How to make your website copy look easy to get through

When visitors arrive on a page on your website, you want them to instantly find a reason to stick around.  You want to engage them.  You want to draw them into your copy.

When a visitor is hit with big paragraphs of copy, however, the visitor is not engaged.  So how do you deliver your content without hitting visitors with paragraphs of copy?

There are those at interactive agencies that believe they have a brand-new solution to this challenge, specific to websites, that they call "chunking"  (an unappealing -- and unappetizing -- term, to say the least .. .) 

But Direct Marketing has, for about the last 3 or 4 decades, referred to this technique as "nesting short copy within long copy."   And we effectively use this  technique across print ads, direct mailers, web sites, email messages -- yes, virtually anywhere a prospect might turn his or her gaze.  Because it turns out that prospects don't view content differently just because it's a website. 
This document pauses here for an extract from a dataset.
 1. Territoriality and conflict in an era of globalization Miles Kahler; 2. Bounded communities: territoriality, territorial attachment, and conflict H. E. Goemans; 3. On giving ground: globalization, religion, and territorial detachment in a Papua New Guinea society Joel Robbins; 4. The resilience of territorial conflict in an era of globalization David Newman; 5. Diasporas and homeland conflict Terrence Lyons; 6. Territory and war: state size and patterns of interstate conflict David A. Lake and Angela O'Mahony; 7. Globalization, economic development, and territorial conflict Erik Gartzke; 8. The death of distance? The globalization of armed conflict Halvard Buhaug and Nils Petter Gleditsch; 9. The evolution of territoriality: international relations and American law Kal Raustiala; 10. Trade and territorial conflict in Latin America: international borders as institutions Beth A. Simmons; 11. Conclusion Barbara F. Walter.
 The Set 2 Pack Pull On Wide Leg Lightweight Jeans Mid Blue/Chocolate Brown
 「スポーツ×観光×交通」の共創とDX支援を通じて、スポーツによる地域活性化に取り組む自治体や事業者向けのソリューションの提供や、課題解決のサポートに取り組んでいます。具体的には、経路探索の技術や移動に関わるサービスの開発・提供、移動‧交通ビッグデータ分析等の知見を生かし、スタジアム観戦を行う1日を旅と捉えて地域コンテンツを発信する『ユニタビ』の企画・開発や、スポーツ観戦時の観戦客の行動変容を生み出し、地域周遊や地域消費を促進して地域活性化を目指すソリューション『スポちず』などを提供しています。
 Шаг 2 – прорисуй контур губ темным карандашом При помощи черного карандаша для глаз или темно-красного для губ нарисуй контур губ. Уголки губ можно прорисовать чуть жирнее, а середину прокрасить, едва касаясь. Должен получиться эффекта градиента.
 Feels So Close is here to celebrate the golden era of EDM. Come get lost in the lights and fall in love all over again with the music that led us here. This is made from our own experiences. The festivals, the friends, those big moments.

We know that visitors to a website (as well as readers of magazines, newspapers, direct mailers, and email messages) scan, rather than read line-by-line, word-for-word.  To attract the scanning visitor, you want your content to look easy to get through.  So how can you break things up, so it looks more "friendly"?  Here are 6 ideas -- some purely design-related, and some copy-related:

1.  Box some elements.  Take your special offer, or a key benefit, or a new testimonial from a big name, and physically partition that section off from the rest of your content in a box.  Not only does the box help to emphasize what's in the box, it gives the eye some visual relief by breaking up the page.

2.  Use horizontal or vertical lines to further break up your page.  If you're not making use of the right column for special offers, your unique engagement elements, a feature on your newest products, or your latest tesitmonial, consider adding a right column area.   Consider creating a "main stage" area at the top of each page that is visualy set off from the bottom of the page. 
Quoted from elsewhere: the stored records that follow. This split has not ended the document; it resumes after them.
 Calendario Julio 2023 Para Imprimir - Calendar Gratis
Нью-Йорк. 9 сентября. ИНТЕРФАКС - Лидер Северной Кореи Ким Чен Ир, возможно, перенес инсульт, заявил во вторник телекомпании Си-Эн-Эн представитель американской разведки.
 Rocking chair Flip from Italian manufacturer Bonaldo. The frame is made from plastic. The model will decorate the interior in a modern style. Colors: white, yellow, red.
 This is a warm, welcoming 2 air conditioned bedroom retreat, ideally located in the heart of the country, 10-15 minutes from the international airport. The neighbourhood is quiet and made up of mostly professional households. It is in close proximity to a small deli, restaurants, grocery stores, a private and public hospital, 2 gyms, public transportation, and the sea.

3.  Consider the use of "pull quotes" -- pulling some key points out of your copy and emphasizing them, by repeating those words larger than the rest of the content, in an area within the content.

4. Re-organize your content into Question-and-Answer (a la FAQs).  Visitors may read an entire page of question-and-answer and not realize they've read an entire page of copy.  When you rewrite your content in a question-and-answer format, it tends to help you write in a more convesational format -- exactly the way someone would really ask and answer the question.  And conversational writing is always easier to read.

5.  Break up your paragraphs -- use bullet points to emphasize key elements of your content to the scanning reader.  Make some paragraphs short -- a one sentence paragraph can really emphasize a key point.

6.  Break up long pages into several pages, when multiple topics are discussed on the long page.